▶ [Data provided]:
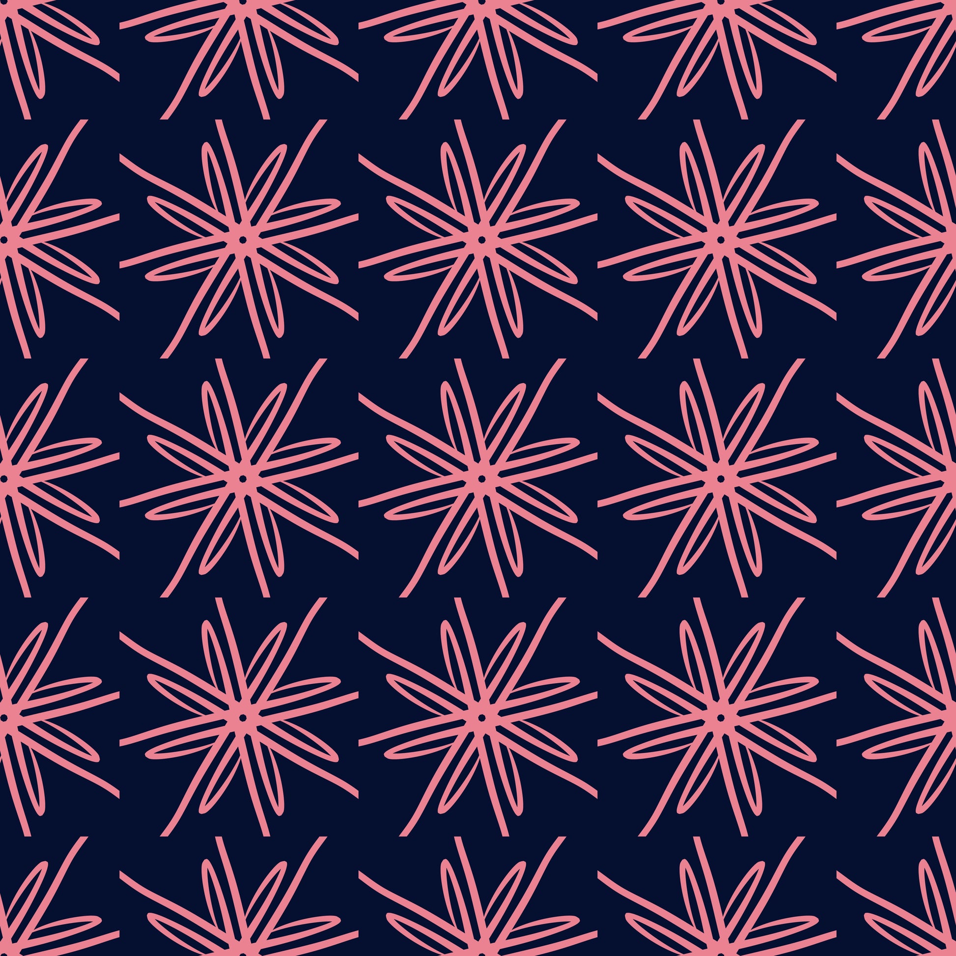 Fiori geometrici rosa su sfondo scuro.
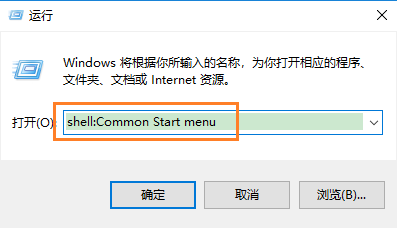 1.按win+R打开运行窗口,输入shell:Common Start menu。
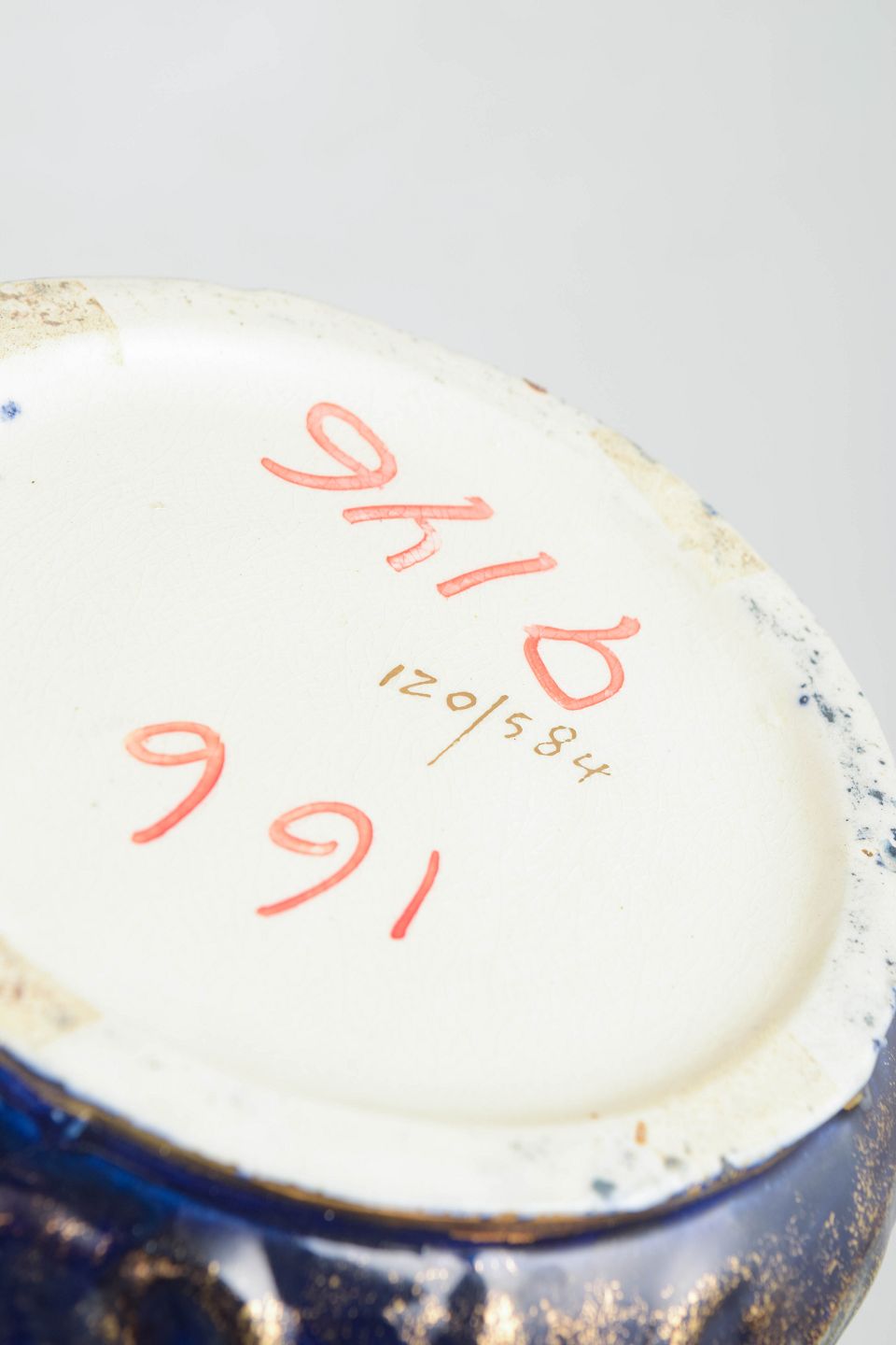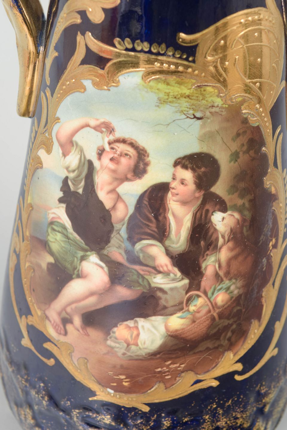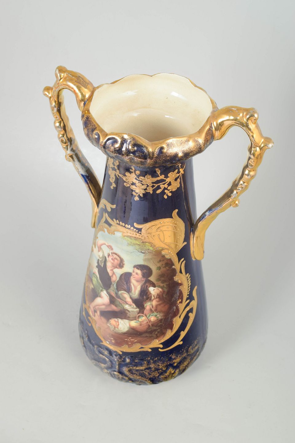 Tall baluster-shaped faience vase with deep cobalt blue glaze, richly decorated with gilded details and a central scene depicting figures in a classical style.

▶ [Requirement]: Could the lines above be copied out exactly, with no image carried over?

▶ [Task response]:
 Fiori geometrici rosa su sfondo scuro.
 1.按win+R打开运行窗口,输入shell:Common Start menu。
 Tall baluster-shaped faience vase with deep cobalt blue glaze, richly decorated with gilded details and a central scene depicting figures in a classical style.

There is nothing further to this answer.